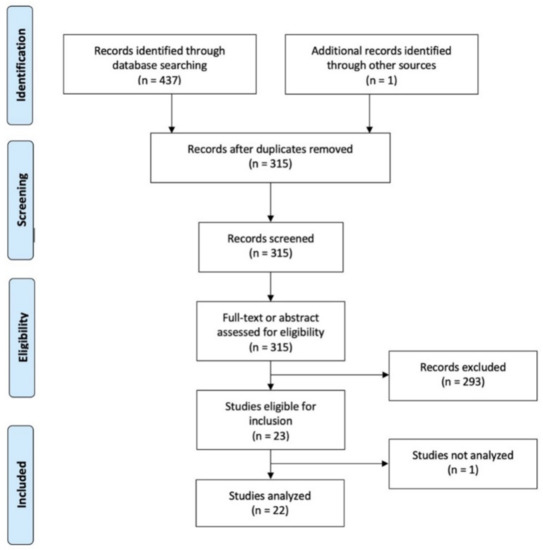 There were 437 studies identified by our search strategy in May 2021. All of them were evaluated for inclusion by title and abstract screening. Of 314 potentially relevant reports identified after eliminating duplicates, supplemented with one paper of the authors accepted for publication, 23 of them met the inclusion criteria. Five of the 23 included studies were CCS [18,22,23,24,25], and the remaining 18 were CS or cross-sectional studies [26,27,28,29,30,31,32,33,34,35,36,37,38,39,40,41,42,43] as reported by the authors of the papers or deduced from the authors of this review.
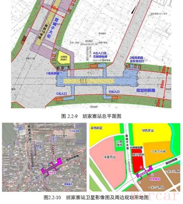 状班家寨村内,与远期地铁18号线换乘。站位北侧为香格蔚蓝、绿色家园小区,东北侧为沈阳市第六十三中学,东侧班家寨村外为耕地。站位周边地块规划性质较为复杂,站位南侧以工业用地为主,站位北侧地块以商业用地、体育用地、教育用地及居住用地为主。
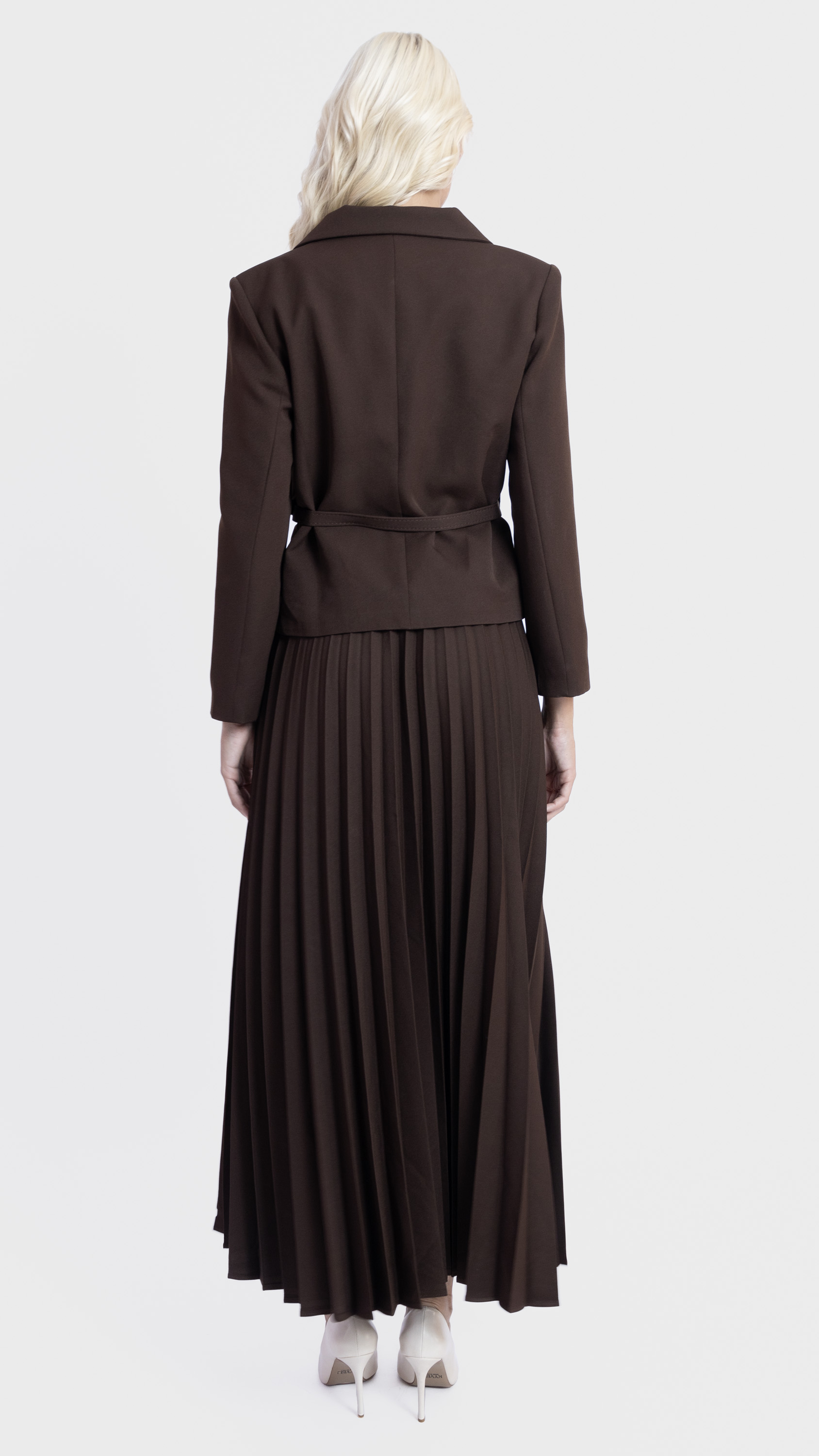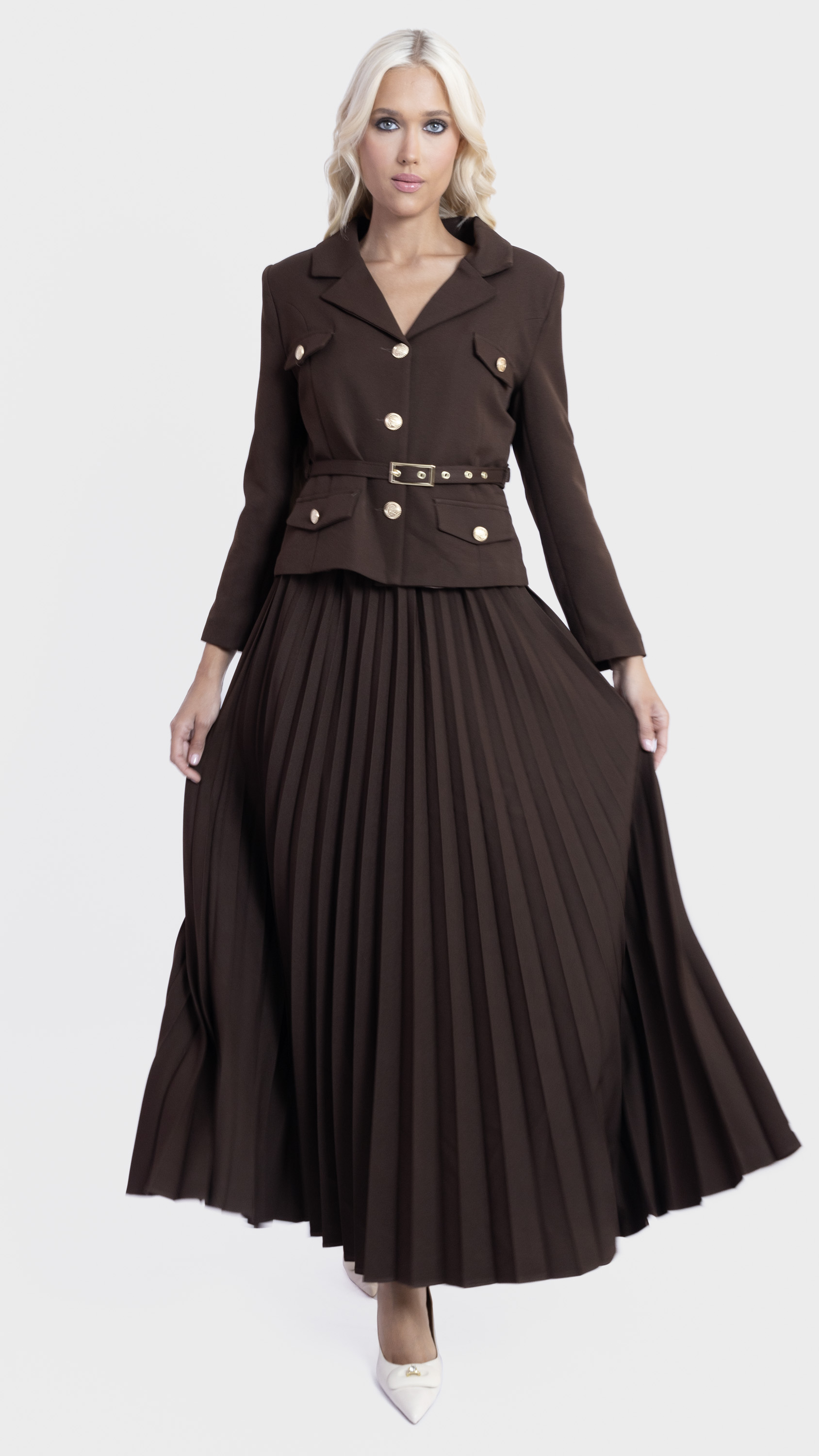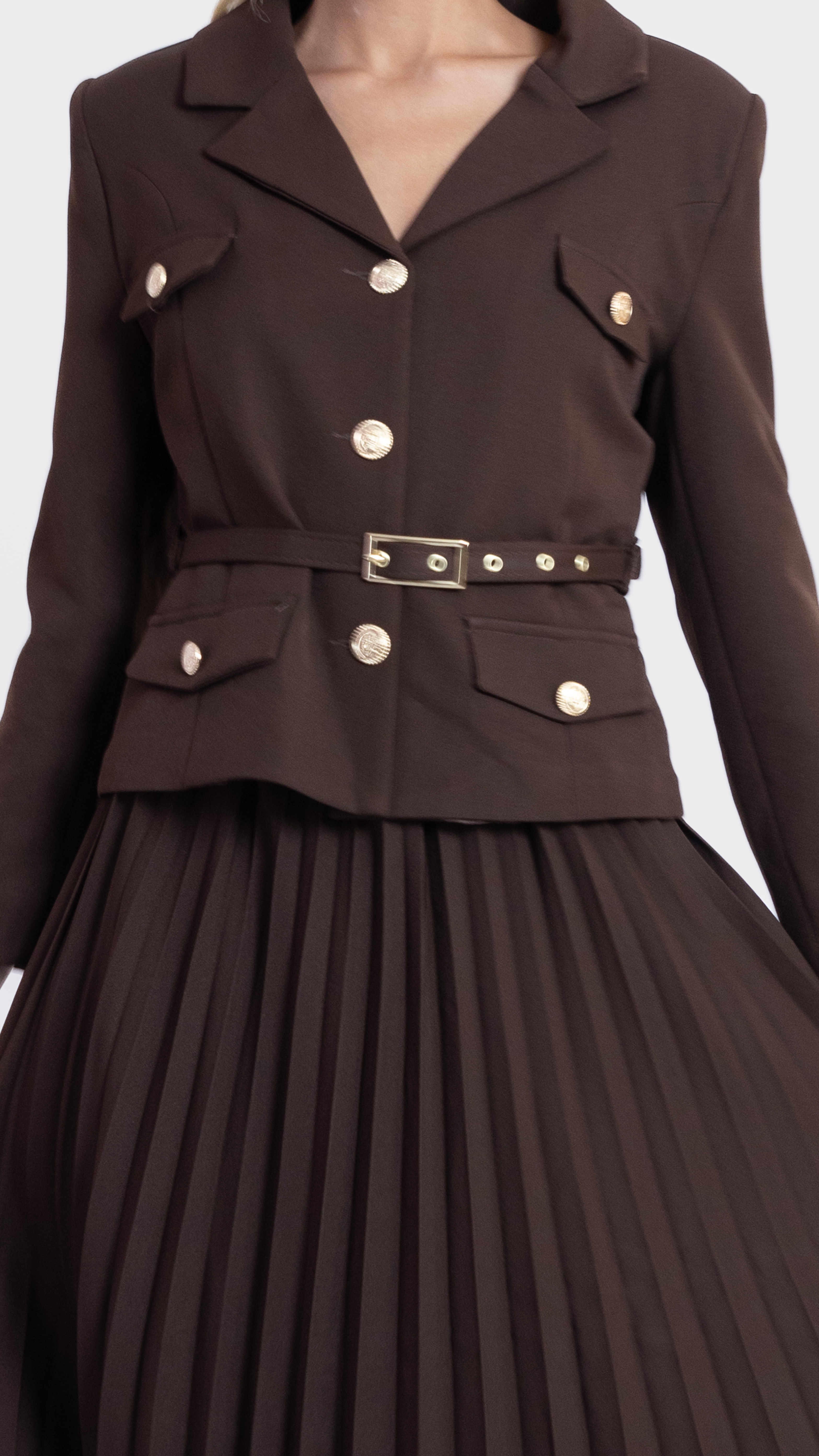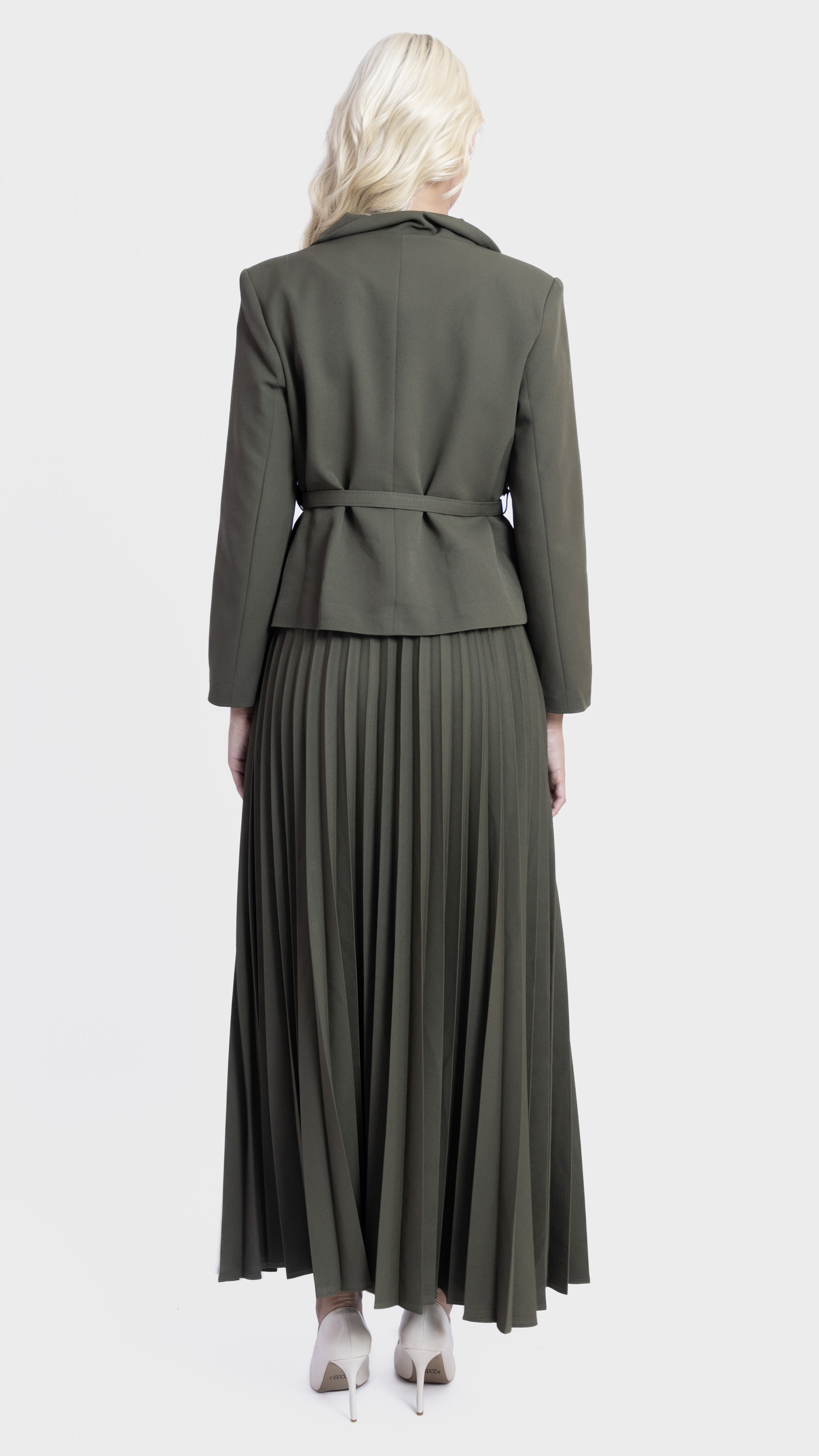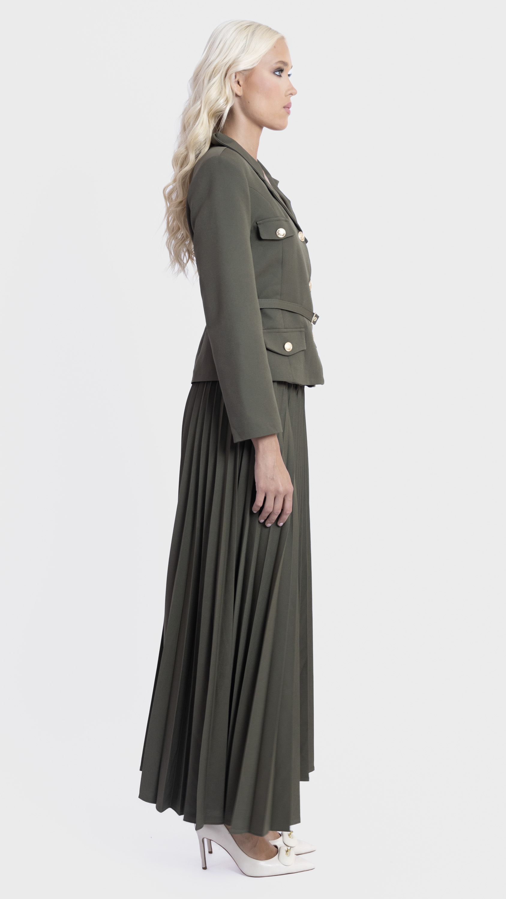 Step into elegance with this Khaki Pleated Skirt and Utility Blazer Set.

● **What you have to do**: The whole listing is to be duplicated verbatim, apart from its images.

● **Written solution**:
 There were 437 studies identified by our search strategy in May 2021. All of them were evaluated for inclusion by title and abstract screening. Of 314 potentially relevant reports identified after eliminating duplicates, supplemented with one paper of the authors accepted for publication, 23 of them met the inclusion criteria. Five of the 23 included studies were CCS [18,22,23,24,25], and the remaining 18 were CS or cross-sectional studies [26,27,28,29,30,31,32,33,34,35,36,37,38,39,40,41,42,43] as reported by the authors of the papers or deduced from the authors of this review.
 状班家寨村内,与远期地铁18号线换乘。站位北侧为香格蔚蓝、绿色家园小区,东北侧为沈阳市第六十三中学,东侧班家寨村外为耕地。站位周边地块规划性质较为复杂,站位南侧以工业用地为主,站位北侧地块以商业用地、体育用地、教育用地及居住用地为主。
 Step into elegance with this Khaki Pleated Skirt and Utility Blazer Set.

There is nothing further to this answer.